We've reported on daddy SHAMSID-DIN ABDUR-RAHEEM before. This piece of sh** is charged with murder (of his 3-month-old daughter) and attempted murder (of the baby's grandmother). Note that authorities were initially reluctant to call a paternal kidnapping a real kidnapping--and that error may have cost that baby her life.
http://www.google.com/hostednews/ap/article/ALeqM5ixCbTefcwbia2ApD7CcJu6ww-VpgD9I7U1603
NJ dad pleads not guilty in baby's bridge death
By SAMANTHA HENRY (AP) – 21 hours ago
NEW BRUNSWICK, N.J. — A New Jersey father accused of tossing his 3-month-old daughter to her death off a bridge pleaded not guilty Tuesday, as a judge ordered him to have no further contact with the child's mother.
Shamsid-Din Abdur-Raheem sat silently as his attorney entered the plea in state Superior Court in New Brunswick.
The 22-year-old Galloway Township resident is charged with murder and five other counts related to the infant's abduction and death. He remains jailed on $2.7 million bail.
Abdur-Raheem is also charged with attempted murder for allegedly assaulting the baby's maternal grandmother, who was baby-sitting while the child's mother sought a restraining order against him.
Prosecutors claim Abdur-Raheem abducted Zara Malani-lin Abdur from her grandmother's East Orange apartment on Feb. 16, choking and assaulting the woman and then hitting her with his van as she attempted to block his escape.
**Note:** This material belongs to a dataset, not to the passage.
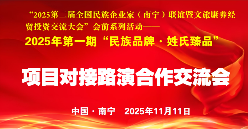2025年11月11日下午,在国家“民族文化振兴”战略引领下,为推动民族品牌市场化发展、赋能姓氏文化IP创新,由“2025第二届全国民族企业家(南宁)联谊暨文旅康养经贸投资交流大会”(以下简称:“全国民企大会”)组委会指导,广西民族文化发展研究会、桂族文研(广西)文化发展有限公司等支持,广西象善商贸有限公司主办,“姓氏臻品”商城全国运营总部与广西九黎瑶药基地大健康产业有限公司联合承办,2025年第一期“民族品牌•姓氏臻品”项目路演交流会在南宁市江南区丽江村商贸城三楼隆重举行。...

Abdur-Raheem later parked on the shoulder of the Garden State Parkway over the Driscoll Bridge — which spans the Raritan River between Sayreville and Woodbridge — and threw or dropped the baby from the front passenger window, according to court papers.
Police launched a massive search for the child. But she wasn't found until April, when people walking along the riverbank not far from the bridge came across an infant's body matching her description. An autopsy determined she had drowned.
Deputy Attorney General Andrew C. Fried asked state Superior Court Judge Frederick DeVesa Tuesday to bar Abdur-Raheem from all further contact with the baby's mother, saying he had sent her a 10-page letter from jail. Fried declined to discuss the letter's content, but said it could prompt the state to pursue additional charges of harassment or witness tampering.
Abdur-Raheem's attorney, Richard Klein, told the judge that the letter had been sent in response to a jail visit the baby's mother had initiated. Fried countered that the mother had only visited to ask Abdur-Raheem if their child was still alive, before the baby's body had been found.
The judge asked Abdur-Raheem if he understood the order to have no further contact with the child's mother, to which the defendant, his cuffed hands resting in his lap, nodded and quietly replied: "Yes."
The case, which New Jersey Attorney General Paula Dow has characterized as a tragic example of domestic violence, prompted a review of the state's guidelines for issuing Amber Alert broadcasts in response to reports of missing children.
Dow ordered the review, and changes to the system, after it was discovered that no alert had been issued for four hours between the time the child was abducted and Abdur-Raheem was arrested, as state law discouraged the use of the alerts in domestic cases at the time.
New Jersey police now issue the alerts even in cases of suspected parental involvement in a child's abduction.